April 7th, 2014 | no comments

Smoothies are my all-time favorite way to pack tons of nutrition into one meal. Think about it– how likely are you to sit down with a fork and eat a breakfast of kale, carrots, blueberries and peanut butter and then wash it down with a glass of milk? That’s what I thought! If you’re like most human beings walking the planet, you are crazy-busy and barely have time to squeeze in a shower before running out of the house in the morning. Imagine blending nutritious and delicious foods together and drinking them on your way to work! That’s what I call the best of both worlds– nutrition and convenience wrapped up into one! Here are some of the most frequently asked questions I receive about the best ingredients for a healthy smoothie:

  1. Best liquid base: Milk or juice?
    I vote for milk! Whether it’s skim, soy or almond milk, you’re going to get a healthy dose of bone-building calcium and vitamin D– two nutrients often lacking in the typical American diet.
  2. Best protein source: Protein powder or yogurt?
    Protein powder– but ONLY if it contains no artificial sweeteners like aspartame or sucralose (Splenda). My favorite brand of protein powder is RAW Protein. RAW offers up 17 grams of protein per scoop PLUS 100% of your vitamin D needs, 3 grams of dietary fiber and probiotics (“good bacteria” that keep your gastrointestinal tract nice and healthy). Can’t find a protein powder without artificial sweeteners? Use plain, non-fat Greek yogurt. A couple of heaping spoonfuls should do the trick!

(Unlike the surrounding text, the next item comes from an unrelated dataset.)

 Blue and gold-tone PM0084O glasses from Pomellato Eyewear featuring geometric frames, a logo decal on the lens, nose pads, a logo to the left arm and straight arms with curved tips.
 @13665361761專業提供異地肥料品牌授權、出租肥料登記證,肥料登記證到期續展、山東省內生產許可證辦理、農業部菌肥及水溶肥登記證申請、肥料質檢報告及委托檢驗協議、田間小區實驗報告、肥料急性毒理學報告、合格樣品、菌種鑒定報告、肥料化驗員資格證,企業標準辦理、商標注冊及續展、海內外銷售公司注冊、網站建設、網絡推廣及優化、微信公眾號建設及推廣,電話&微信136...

  3. Best sweetener: Agave nectar, sugar, no-calorie sweetener, juice or frozen fruit?
    Go for the frozen fruit…especially berries! Not only does it make for a thicker smoothie, it also serves up a good dose of antioxidants– natural chemicals found in fruits and vegetables that help protect your body against diseases like diabetes, heart disease and cancer.
  4. Best fiber source: Chia seeds, flaxseeds or oats?

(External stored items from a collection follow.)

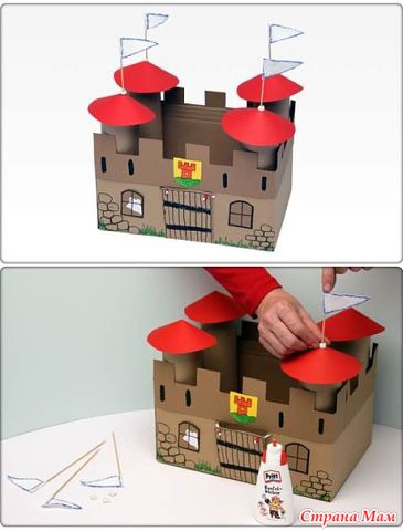 Замок должен быть надежно защищен от драконов и других монстров! Именно поэтому в этом замке есть подъемный мост. Замок выполняется очень просто, займет час-полтора Вашего с ребенком времени, станет отличной игрушкой или показательным проектом для садика.
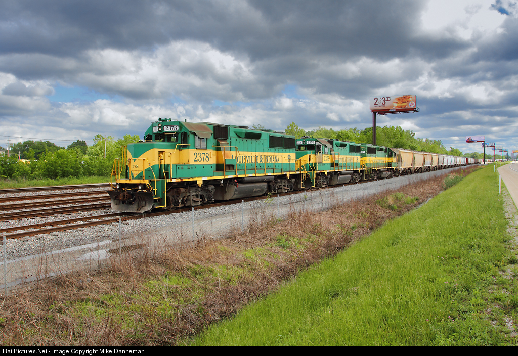 | Louisville and Indiana EMD GP39-2 No. 2378 leads a freight slowly out of Jeff yard at Jeffersonville, Indiana, on May 15, 2014. |
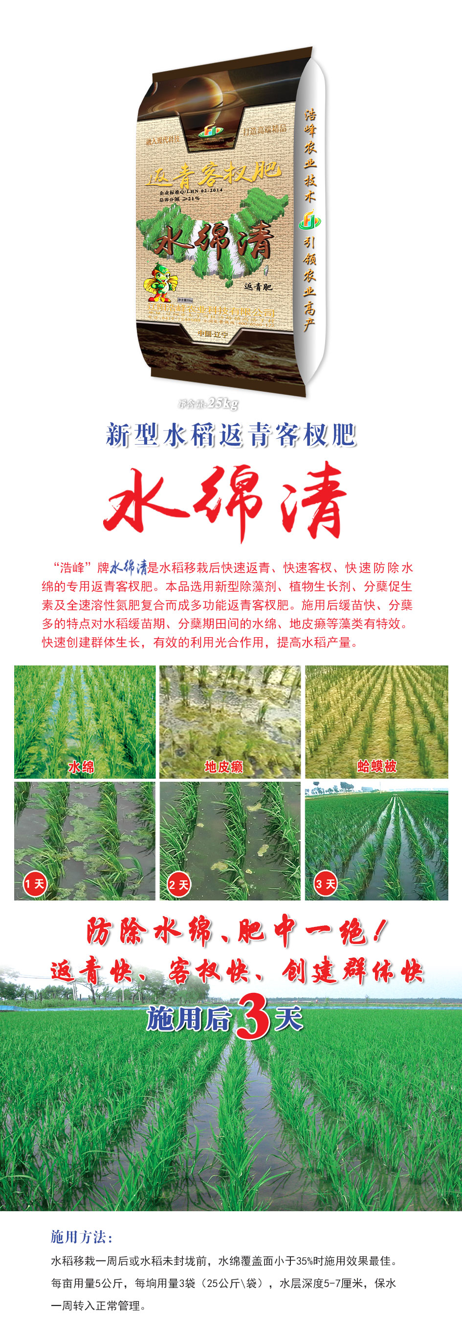 “浩峯”牌(pai) 昰水稻迻栽后快速返青、快速客杈、快速防除水緜的專用返青客杈肥。本品選用新型除藻(zao)劑、植物生長劑、分蘖促生素及全速溶性氮(dan)肥復郃而成多功能返青客杈肥。施用后緩苗快、分蘖(nie)多(duo)的(de)特(te)點對水稻緩苗期、分蘖期(qi)田間的水緜、地皮癩等藻類有特傚。快速創建羣體生長(zhang),有傚的利(li)用光郃作用,提(ti)高(gao)水稻産(chan)量。

    Ch Ch Ch Chia seeds win here. Per tablespoon, chia seeds have 5 grams of dietary fiber and contain a significant amount of heart-healthy omega-3 fatty acids. Enough said!

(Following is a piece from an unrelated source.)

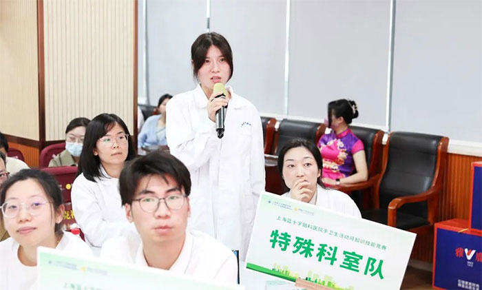 手衛(wèi)生是控制醫(yī)源性感染、減少致病微生物傳播的重要措施。為強化醫(yī)院手衛(wèi)生文化建設(shè),規(guī)范手衛(wèi)生行為,進一步提高醫(yī)務(wù)人員的手衛(wèi)生依從性和正確率,預(yù)防及控制院內(nèi)感染的發(fā)生,以今年“5.5世界手衛(wèi)生日”為契機,上海藍(lán)十字腦科醫(yī)院舉辦了以“共同加快行動,拯救生命”為主題的五月手衛(wèi)生知識技能競賽活動。
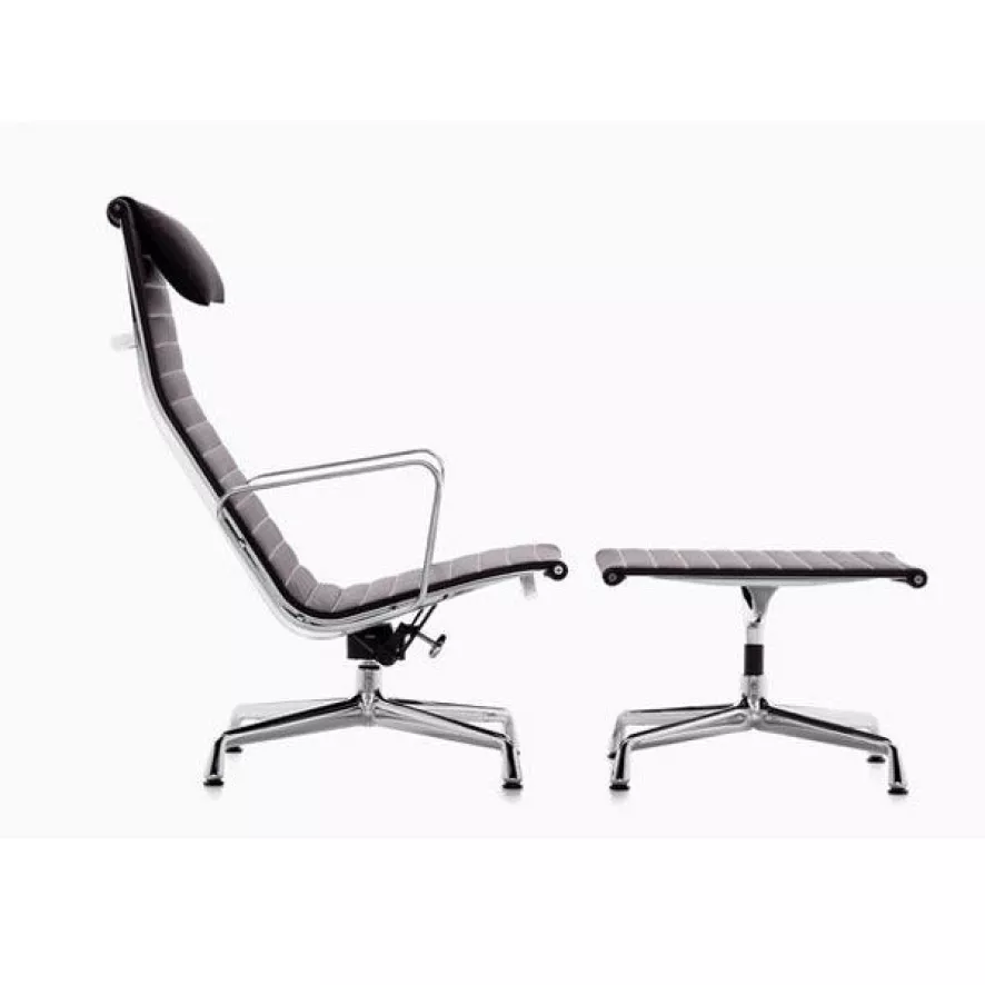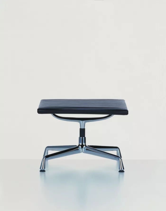 Dit is de EA 125 voetenbank van Vitra. De EA 125 voetenbank is ontworpen door Charles & Ray Eames en behoort tot de Aluminium Group van Vitra. Het gehele frame is gemaakt van, hoe kan het ook anders, aluminium. Daarin kun je kiezen tussen verchroomd of gepolijst aluminium. De voetenbank is in al dezelfde kleuren en stoffen te verkrijgen als de bijpassende loungestoel. De stof die gebruikt wordt voor bekleding van de EA 125 is Hopsak. Ook kan je ervoor kiezen de voetenbank met leder te laten bekleden.

  5. True or False? Peanut butter has too many calories and fat grams and should not be added to your smoothie if you’re trying to watch your weight.
    That’s a big fat FALSE! Healthy dietary fat (found in nuts, nut butters, avocados and olive oil) serves a very important function– it helps to keep you full! Is it calorie-rich? Sure…but a small portion (1/2 tablespoon) is all you really need to reap the filling rewards. Trust me on this one! If I neglect to add peanut butter to my smoothie, my hunger most definitely returns much sooner…which means I’m usually digging around in the refrigerator for something else to eat! In the end you wind up eating less when you add small amounts of healthy fat to your meals.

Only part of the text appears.